PCP JCP fond, 18 novembre 2024 — 24/04479
Texte intégral
TRIBUNAL JUDICIAIRE DE [Localité 4] [1]
[1] Copie conforme délivrée le : à :Monsieur [N] [Z] [D]
Copie exécutoire délivrée le : à :Me Sébastien MENDES GIL
Pôle civil de proximité ■
PCP JCP fond N° RG 24/04479 - N° Portalis 352J-W-B7I-C[Immatriculation 2]
N° MINUTE :
JUGEMENT rendu le lundi 18 novembre 2024
DEMANDERESSE S.A.S. SOGEFINANCEMENT, dont le siège social est sis [Adresse 3] représentée par Me Sébastien MENDES GIL, avocat au barreau de PARIS, vestiaire : #P0173
DÉFENDEUR Monsieur [N] [Z] [D], demeurant [Adresse 1] comparant en personne
COMPOSITION DU TRIBUNAL Frédéric GICQUEL, Juge, juge des contentieux de la protection assisté de Audrey BELTOU, Greffier,
DATE DES DÉBATS Audience publique du 28 août 2024
JUGEMENT contradictoire, en premier ressort, prononcé par mise à disposition le 18 novembre 2024 par Frédéric GICQUEL, Juge assisté de Audrey BELTOU, Greffier
Décision du 18 novembre 2024 PCP JCP fond - N° RG 24/04479 - N° Portalis 352J-W-B7I-C[Immatriculation 2]
EXPOSÉ DU LITIGE
Selon offre préalable acceptée le 21 novembre 2019, la société SOGEFINANCEMENT a consenti à Monsieur [N] [D] un prêt personnel d'un montant en capital de 35 592 euros remboursable au taux nominal de 5,28 % (soit un TAEG de 5,52 %) en 84 mensualités de 532,66 euros avec assurance.

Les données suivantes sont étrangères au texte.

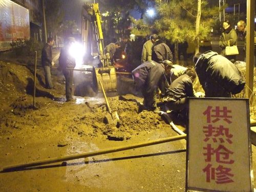 工作人員兵分幾路,對一次網和熱力站進行泄水,同時在跑水地點進行開挖,并將水抽干,待破損管網露出后,按預定技術方案進行更換和焊接。時值入冬,夜間溫度已在零下,相關領導及搶修人員一直在現場工作,無人休息,毫無怨言。在寒風中工作人員咬緊牙關,爭分奪秒,連續奮戰了10多個小時,終于在第二日凌晨7時,成功將跑水事故處理完畢,并于12時恢復了熱力站正常運行。

La société SOGEFINANCEMENT a adressé à Monsieur [N] [D] une mise en demeure d'avoir à régulariser les échéances impayées à hauteur de 1 740,37 euros par lettre du 21 décembre 2022. Elle a prononcé la résiliation du contrat et a demandé le paiement de la somme de 26 942,64 euros par lettre recommandée avec accusé de réception du 19 janvier 2023.
Par acte de commissaire de justice du 12 avril 2024, la société SOGEFINANCEMENT a assigné Monsieur [N] [D] devant le juge des contentieux de la protection du tribunal judiciaire de Paris aux fins de voir constater la déchéance du terme, à défaut prononcer la résiliation judiciaire du contrat de crédit, le condamner à lui payer la somme de 26 150,10 euros avec intérêts au taux contractuel de 5,28 % l'an à compter de la mise en demeure du 19 janvier 2023, ordonner la capitalisation des intérêts à compter de la date de l'assignation, ne pas accorder de délais de paiement au défendeur et le condamner à lui payer la somme de 500 euros sur le fondement de l'article 700 du code de procédure civile et aux dépens.

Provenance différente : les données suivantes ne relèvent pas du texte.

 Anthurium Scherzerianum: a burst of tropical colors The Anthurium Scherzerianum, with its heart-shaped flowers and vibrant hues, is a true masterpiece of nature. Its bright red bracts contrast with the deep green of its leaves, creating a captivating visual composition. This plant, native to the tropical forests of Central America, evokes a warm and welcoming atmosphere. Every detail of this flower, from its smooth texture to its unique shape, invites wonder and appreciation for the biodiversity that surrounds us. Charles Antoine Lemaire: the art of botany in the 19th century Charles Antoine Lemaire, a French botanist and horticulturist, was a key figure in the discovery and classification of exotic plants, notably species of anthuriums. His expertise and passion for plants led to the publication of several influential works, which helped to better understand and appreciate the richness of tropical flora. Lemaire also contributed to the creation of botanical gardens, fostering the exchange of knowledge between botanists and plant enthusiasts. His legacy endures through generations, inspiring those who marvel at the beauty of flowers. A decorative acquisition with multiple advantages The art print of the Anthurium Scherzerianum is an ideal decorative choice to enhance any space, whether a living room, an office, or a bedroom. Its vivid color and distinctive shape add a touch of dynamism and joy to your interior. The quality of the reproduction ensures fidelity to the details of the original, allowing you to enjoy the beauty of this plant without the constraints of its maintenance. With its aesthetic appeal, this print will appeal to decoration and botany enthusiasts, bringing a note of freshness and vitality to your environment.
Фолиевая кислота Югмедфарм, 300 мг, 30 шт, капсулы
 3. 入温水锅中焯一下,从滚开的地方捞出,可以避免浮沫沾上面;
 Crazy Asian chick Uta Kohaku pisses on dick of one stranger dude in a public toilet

A l'audience du 28 août 2024, la société SOGEFINANCEMENT, représentée par son conseil, a sollicité le bénéfice de son acte introductif d'instance. La forclusion, la nullité, la déchéance du droit aux intérêts contractuels (FIPEN, notice d'assurance, FICP, vérification solvabilité, lettres annuelles de renouvellement) et légaux ont été mis dans le débat d'office, sans que la demanderesse ne présente d'observations supplémentaires sur ces points. Elle a par ailleurs déclaré ne pas s'opposer à l'octroi de délais de paiement au profit du défendeur.
Monsieur [N] [D] comparant en personne a indiqué avoir effectué des règlements au commissaire de justice à hauteur de 300 euros par mois n'apparaissant pas dans le décompte de la banque et a sollicité des délais de paiement pour apurer sa dette exposant travailler actuellement en intérim et avoir une proposition de CDI pour le mois de septembre.
La décision a été mise en délibéré par mise à disposition au greffe au 18 novembre 2024.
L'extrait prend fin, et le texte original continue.